Navigating Unwritten Regulations: How We Did It
AI is the defining technology of this decade. After years of unfulfilled promises from Hollywood and comic books, the science fiction AI future we’ve long been promised has finally become business reality.
We can already see AI following a familiar path through the marketplace similar to past disruptive technologies.
- Stage one: it’s embraced by early adopters before the general public even knows it exists;
- Stage two: cutting-edge startups tap these technologies to overcome long-standing business challenges; and then
- Stage three: regulators draft rules to guide its usage and mitigate negative impacts.
There should be no doubt that AI-powered insurtech has accelerated through the first two stages in near record time and is now entering stage three.
AI underwriting solutions, meet the rule-makers
The Colorado Department of Regulatory Agencies recently adopted regulations on AI applications and governance in life insurance. To be clear, Colorado isn’t an outlier, it’s a pioneer. Other states are following suit and crafting their own AI regulations, with federal-level AI rules beginning to take shape as well.
The early days of the regulatory phase can be tricky for businesses. Insurers are excited to adopt advanced AI into their underwriting tech stack, but wary of investing in platforms knowing that future rules may impact those investments.
We at Sixfold are very cognizant of this dichotomy: The ambition to innovate ahead, combined with the trepidation of going too far down the wrong path. That’s why we designed our platform in anticipation of these emerging rules.
We’ve met with state-level regulators on numerous occasions over the past year to understand their concerns and thought processes. These engagements have been invaluable for all parties as their input played a major role in guiding our platform’s development, while our technical insights influenced the formation of these emerging rules.
To simplify a very complex motion: regulators are concerned with bias in algorithms. There’s a tacit understanding that humans have inherent biases, which may be reflected in algorithms and applied at scale.
Most regulators we’ve engaged with agree that these very legitimate concerns about bias aren’t a reason to prohibit or even severely restrain AI, which brings enormous positives like accelerated underwriting cycles, reduced overhead, and increased objectivity–all of which ultimately benefit consumers.
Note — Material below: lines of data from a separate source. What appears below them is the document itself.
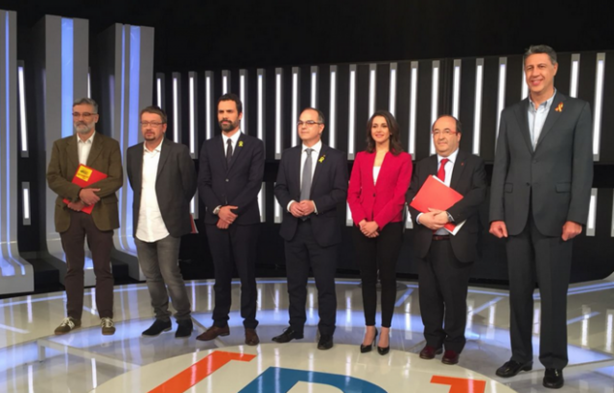 Els caps de llista de Ciutadans, Inés Arrimadas; PSC, Miquel Iceta; PP; Xavier Garcia Albiol; Catalunya A Comú-Podem, Xavier Domènech i la CUP, Carles Riera; han acudit a aquest primer debat dels comicis, mentre que en representació de JuntsxCat ha acudit el número quatre per Barcelona, l'exconseller Jordi Turull, i per ERC, Roger Torrent, el número dos per Girona.
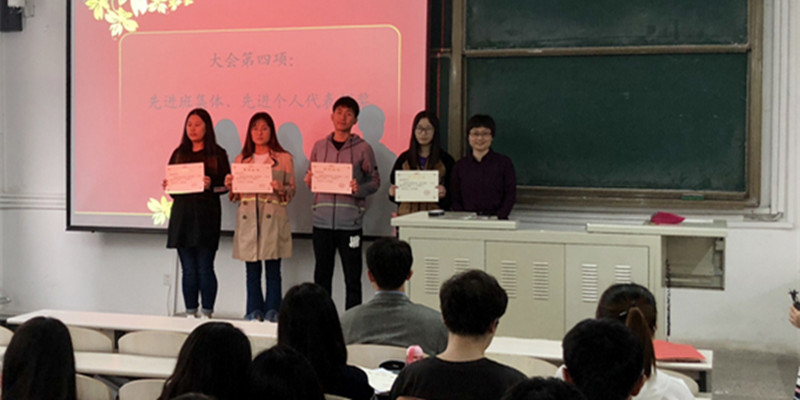 赵洁老师宣读了《经济管理学院关于表彰2016级先进班集体和先进个人的决定》,到场老师为受到表彰的学生代表颁发了证书。获奖学生代表魏婧冉同学作了交流发言,她号召大家要重视平时的学习,学会辩证思考,不忽视每项课后作业,充分利用好自己的课余时间。
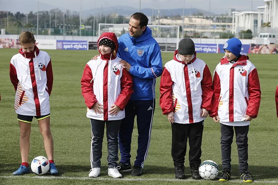 Бывший капитан сборной России по футболу Роман Широков и экс-игрок сочинской «Жемчужины» Гоча Гогричиани в Олимпийском парке провели мастер-класс для детей
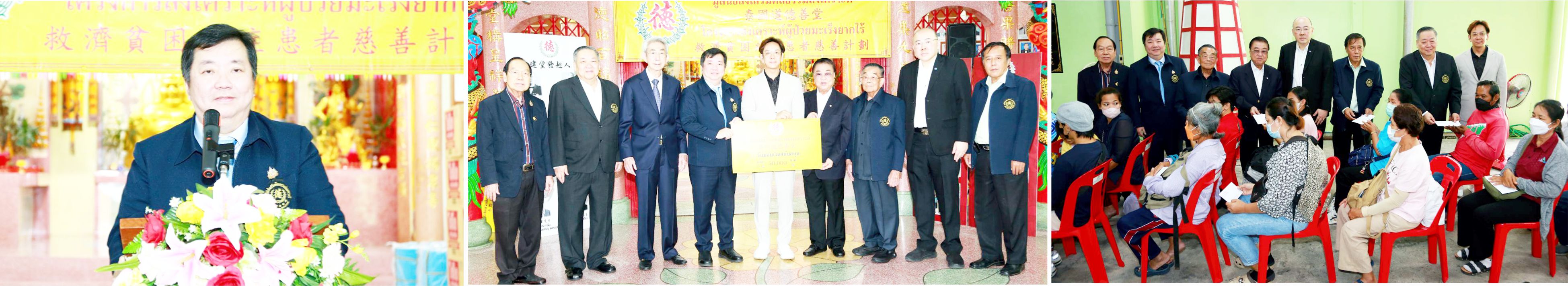 图左:陈文强董事长主持仪式时致词。图中:周少彬名誉顾问赞助经费五万铢及盂兰胜会善款一万铢,由陈文强董事长接领,与黄迨光博士、吴长发、郑岳龙、许景杓、陈世岳、吴金城、张让源、蔡锦洲、张永南合影。图右:陈文强、黄迨光、吴长发、郑岳龙、许景杓、陈世岳、周少彬、吴金城向癌症患者颁发救济金。
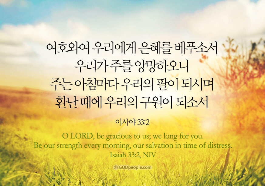 - 여호와여 우리에게 은혜를 베푸소서 우리가 주를 앙망하오니 주는 아침마다 우리의 팔이 되시며 환난 때에 우리의 구원이 되소서
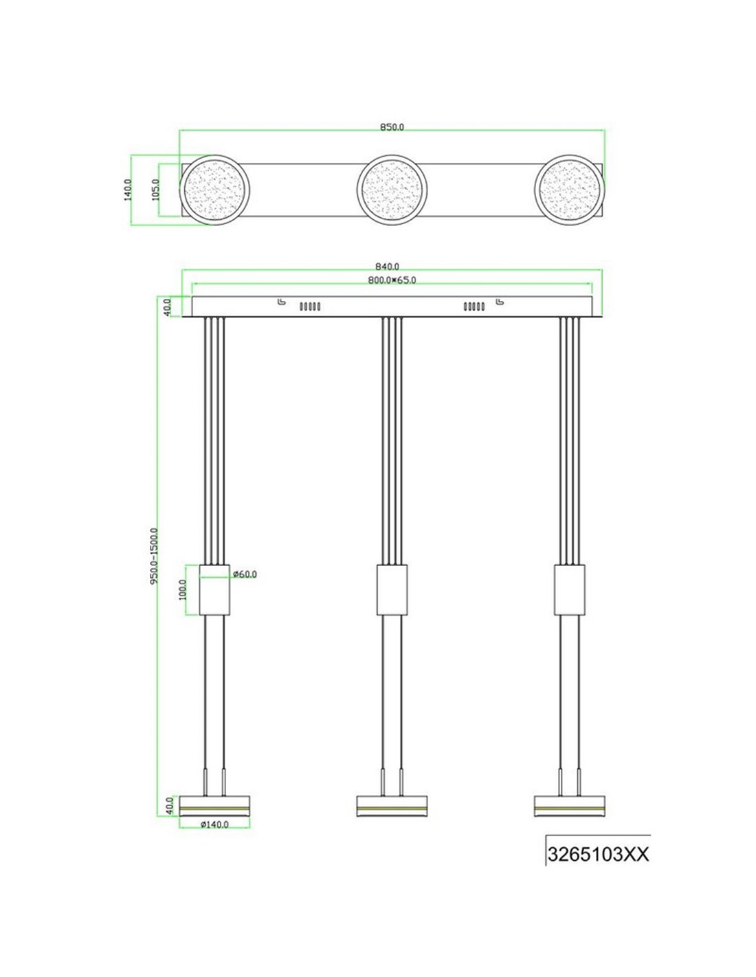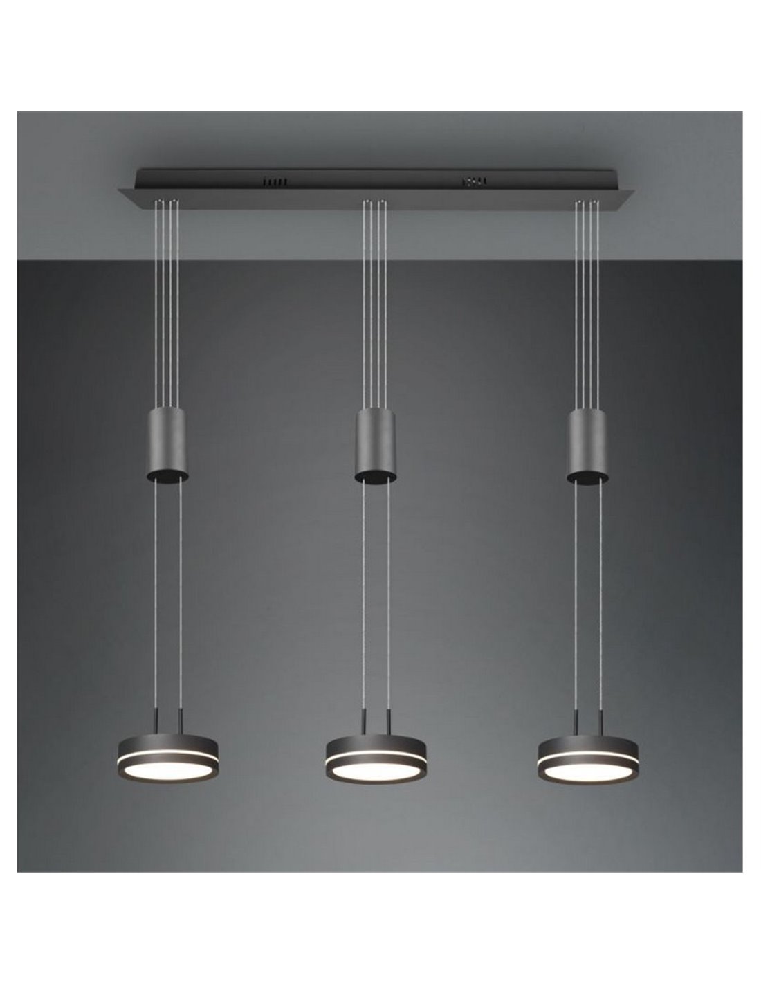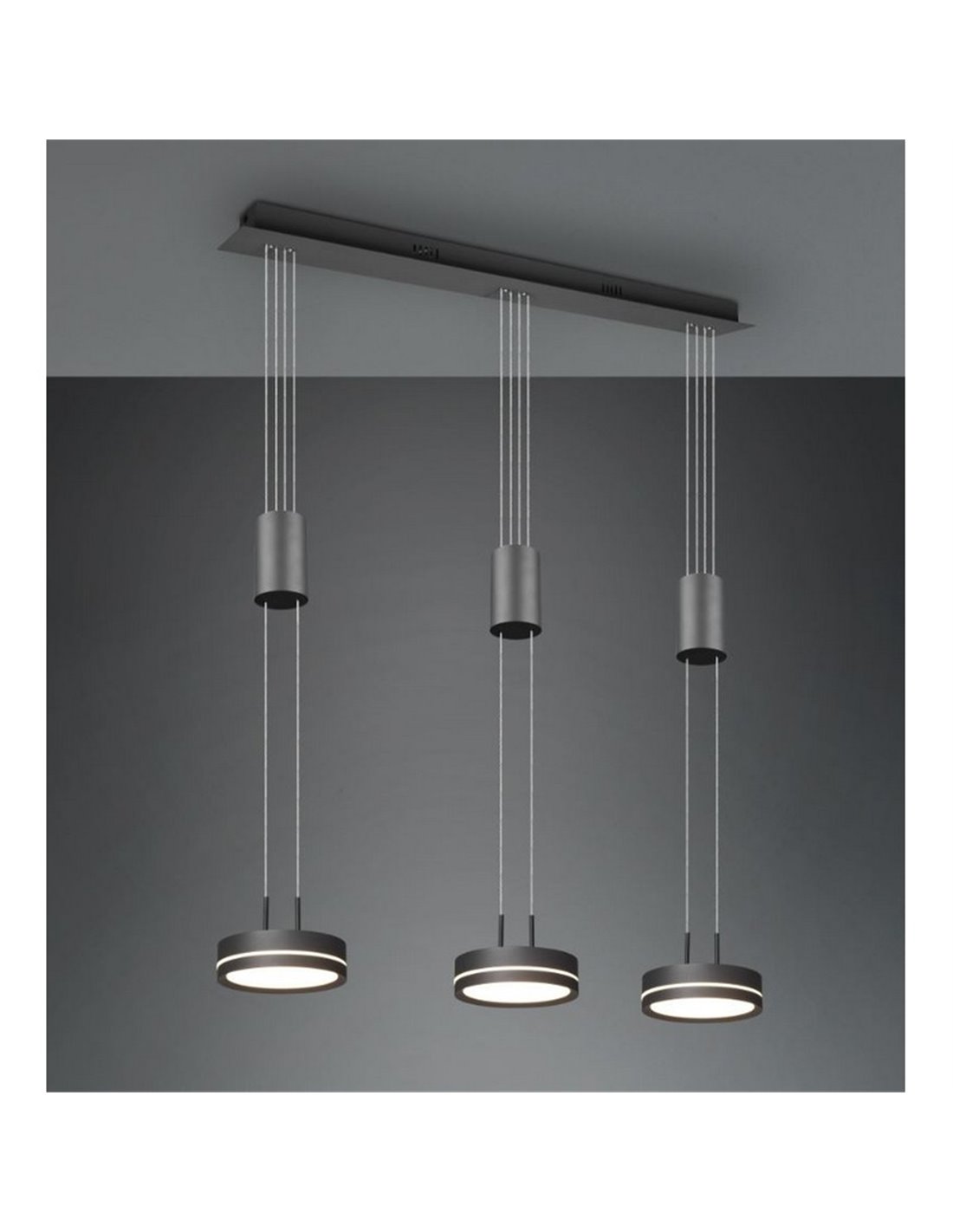 El cuerpo de aluminio en color antracita combina resistencia y estilo contemporáneo. Las tres luminarias suspendidas aportan un efecto visual equilibrado, perfecto para iluminar mesas alargadas o islas de cocina. Su estructura de 85 × 14 cm y altura regulable entre 95 y 150 cm permite una instalación personalizada según el espacio.
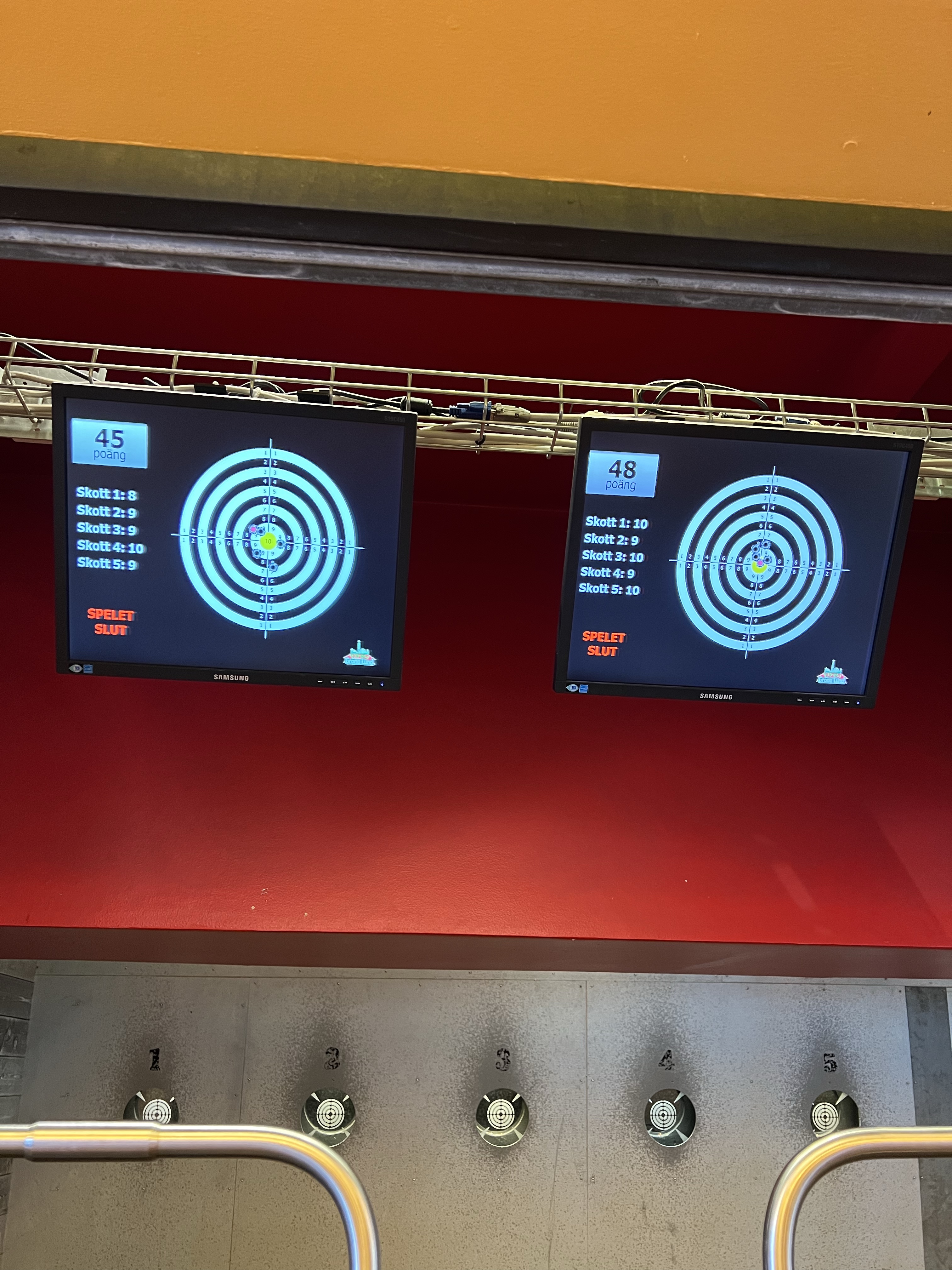Vi var rätt duktiga på och skjuta också. 😇 Bland det roligaste på hela grönan för en annan som inte åker karuseller. Haha, är man för liten som mig så får man använda vapnet lite knasigt också. 🤣
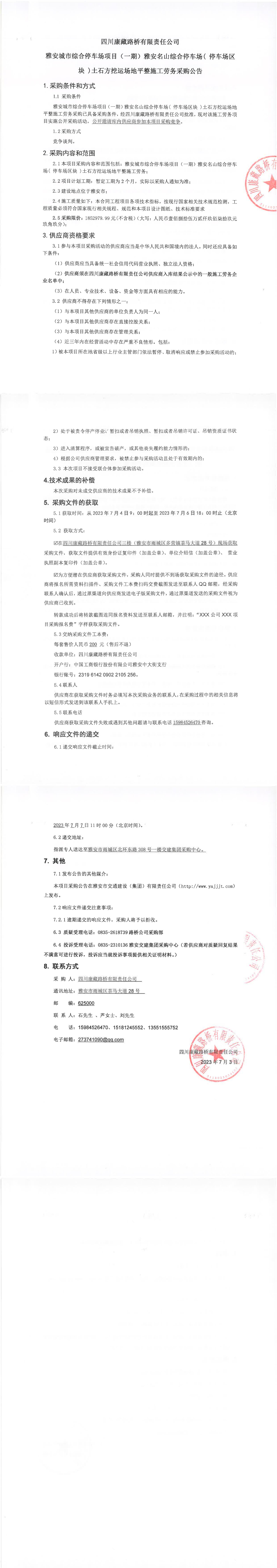 四川康藏路橋有限責(zé)任公司雅安城市綜合停車場(chǎng)項(xiàng)目(一期)雅安名山綜合停車場(chǎng)(停車場(chǎng)區(qū)塊)土石方挖運(yùn)場(chǎng)地平整施工勞務(wù)采購公告
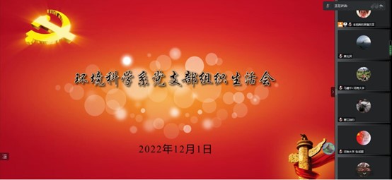 2022年12月01日14:30-17:30地理与环境学院环境科学系党支部支委会组织本支部党员召开以“深入学习习近平总书记视察安阳重要讲话精神,大力弘扬红旗渠精神”为主题的专题组织生活会,考虑到当前的疫情形势,集中学习通过线上(腾讯会议)进行。组织生活会由支部书记李旭辉同志主持。徐小军副书记受邀以普通党员的身份参与本次组织生活会。支部党员通过观看视频(央视《国家记忆》|《根脉》之《红旗渠精神》(上)(下))和自由讨论的形式深入学习领会红旗渠精神。
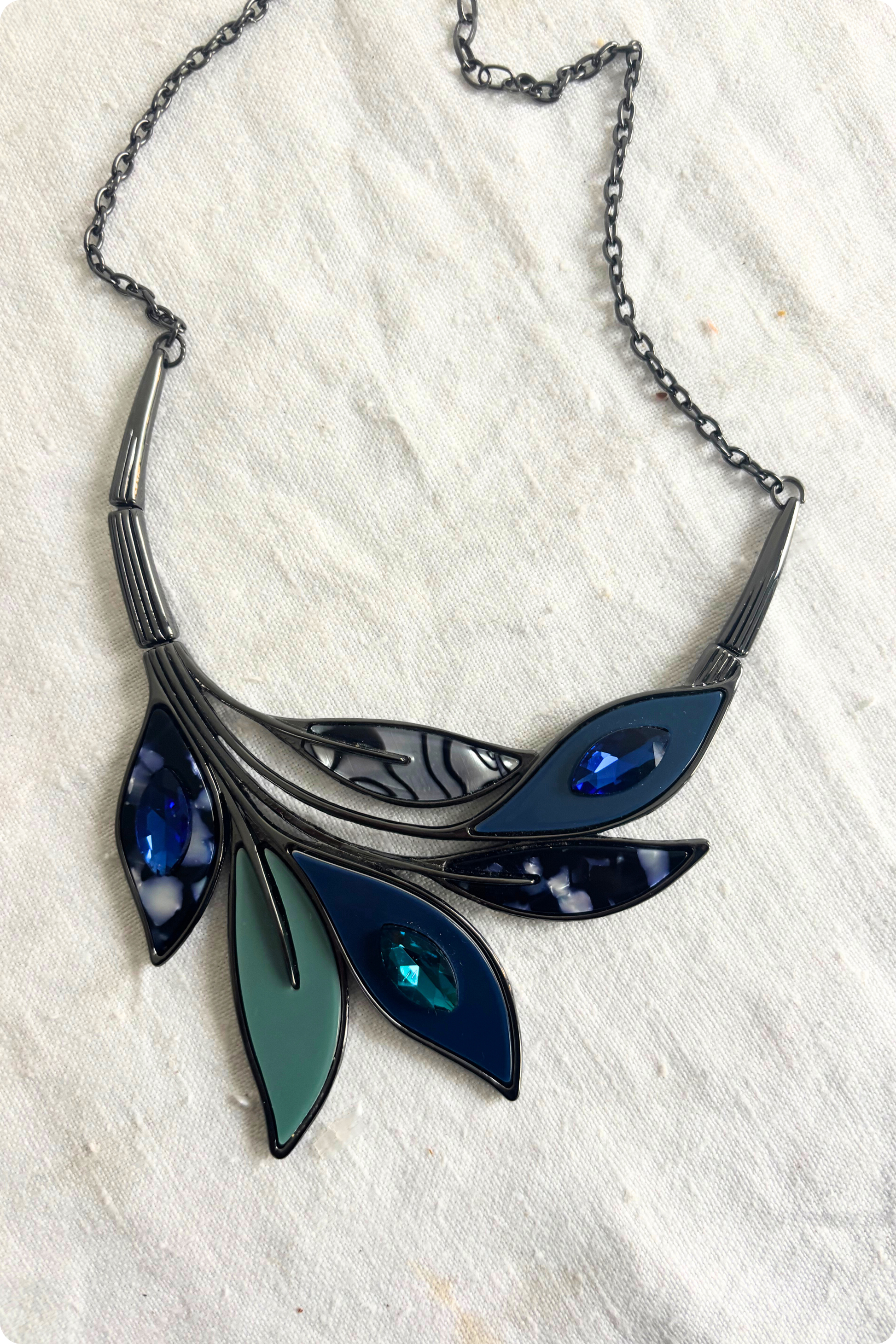 - Description: Adorned with a unique faux stained glass style plant pendant, this necklace is a one-of-a-kind accessory that will add a touch of color and elegance to any outfit. Crafted with expert precision, it's a must-have for any fashion-forward individual looking to make a statement.
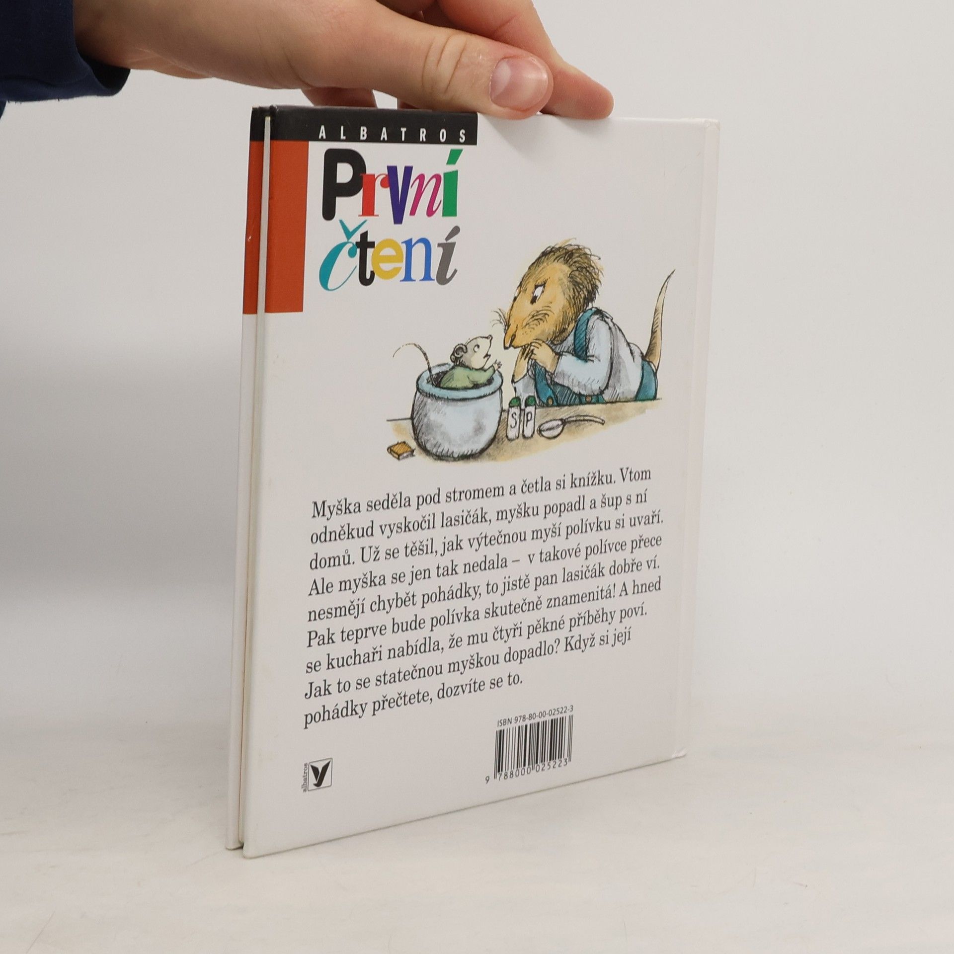 Myška seděla pod stromem a četla si knížku. Vtom odněkud vyskočil lasičák, myšku popadl a šup s ní domů. Už se těšil, jak výtečnou myší polívku si uvaří. Ale myška se jen tak nedala – v takové polívce přece nesmějí chybět pohádky, to jistě pan lasičák dobře ví. Pak teprve bude polívka skutečně znamenitá! A hned se kuchaři nabídla, že mu čtyři pěkné příběhy poví. Jak to se statečnou myškou dopadlo? Když si její pohádky přečtete, dozvíte se to.

However, for AI to work for everyone, it must be partnered with transparency, traceability, and privacy. This is a message we at Sixfold have taken to heart.
In AI, it’s all about transparency
The past decade saw a plethora of algorithmic underwriting solutions with varying degrees of capabilities. Too often, these tools are “black boxes” that leave underwriters, brokers, and carriers unable to explain how decisions were arrived at. Opaque decision-making no longer meets the expectations of today’s consumers—or of regulators. That’s why we designed Sixfold with transparency at its core.
Customers accept automation as part of the modern digital landscape, but that acceptance comes with expectations. Our platform automatically surfaces relevant data points impacting its recommendations and presents them to underwriters via AI-generated plain-language summarizations, while carefully controlling for “hallucinations.” It provides full traceability of all inputs, as well as a full lineage of changes to the UW model, so carriers can explain why results diverged over time. These baked-in layers of transparency allow carriers–and the regulators overseeing them–to identify and mitigate incidental biases seeping into UW models.
Beyond prioritizing transparency, we‘ve designed a platform that elevates data security and privacy. All Sixfold customers operate within isolated, single-tenant environments, and end-user data is never persisted in the LLM-powered Gen AI layer so information remains protected and secure.
Even with platform features built in anticipation of external regulations, we understand that some internal compliance teams are cautious about integrating gen AI, a relatively new concept, into their tech stack. To help your internal stakeholders get there, Sixfold can be implemented with robust internal auditability and appropriate levels of human-in-the-loop-ness to ensure that every team is comfortable on the new technological frontier.
Want to learn more about how Sixfold works? Get in touch.
We at Sixfold believe regulators play a vital role in the marketplace by setting ground rules that protect consumers. As we see it, it’s not the technologist’s place to oppose or confront regulators; it’s to work together to ensure that technology works for everyone.